Starting at the line that contains "Staff members conduct" and stopping at the line that contains "天運![]() | 古武家樹里亜さんの天運は23画の5つ星!想像力に優れ活力がある。一代で成功し名誉を手に入れる。", restate each line of the records below exactly. Omit the pictures.

===== Supplied material

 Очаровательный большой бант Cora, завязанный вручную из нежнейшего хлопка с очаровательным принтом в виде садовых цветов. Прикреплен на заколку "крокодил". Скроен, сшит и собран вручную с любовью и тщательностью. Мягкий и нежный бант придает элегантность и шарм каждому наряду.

==========
===== Supplied material

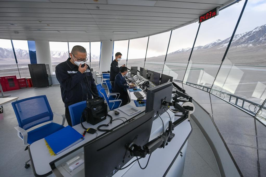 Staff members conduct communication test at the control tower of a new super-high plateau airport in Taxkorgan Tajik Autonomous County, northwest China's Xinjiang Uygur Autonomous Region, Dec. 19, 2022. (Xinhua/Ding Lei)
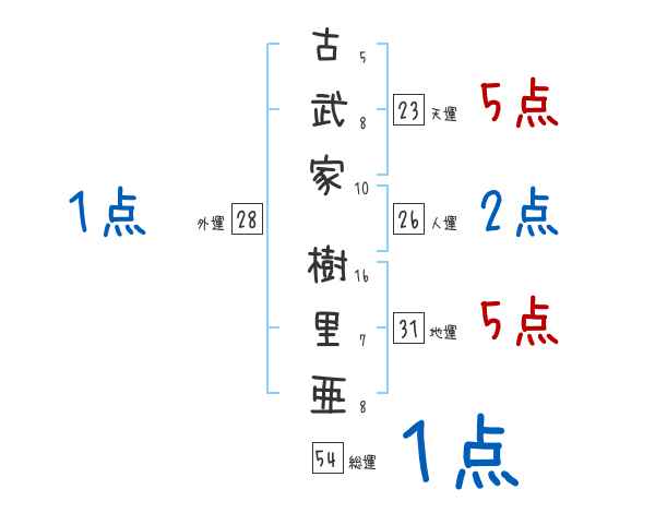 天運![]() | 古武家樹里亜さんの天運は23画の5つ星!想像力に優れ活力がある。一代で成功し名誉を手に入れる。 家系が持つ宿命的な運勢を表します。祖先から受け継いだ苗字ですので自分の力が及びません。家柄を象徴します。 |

==========
===== Supplied material

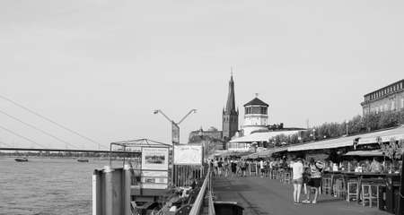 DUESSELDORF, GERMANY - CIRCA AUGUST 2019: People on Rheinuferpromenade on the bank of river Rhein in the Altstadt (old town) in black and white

==========

(Solution for this task):
 Staff members conduct communication test at the control tower of a new super-high plateau airport in Taxkorgan Tajik Autonomous County, northwest China's Xinjiang Uygur Autonomous Region, Dec. 19, 2022. (Xinhua/Ding Lei)
 天運![]() | 古武家樹里亜さんの天運は23画の5つ星!想像力に優れ活力がある。一代で成功し名誉を手に入れる。 家系が持つ宿命的な運勢を表します。祖先から受け継いだ苗字ですので自分の力が及びません。家柄を象徴します。 |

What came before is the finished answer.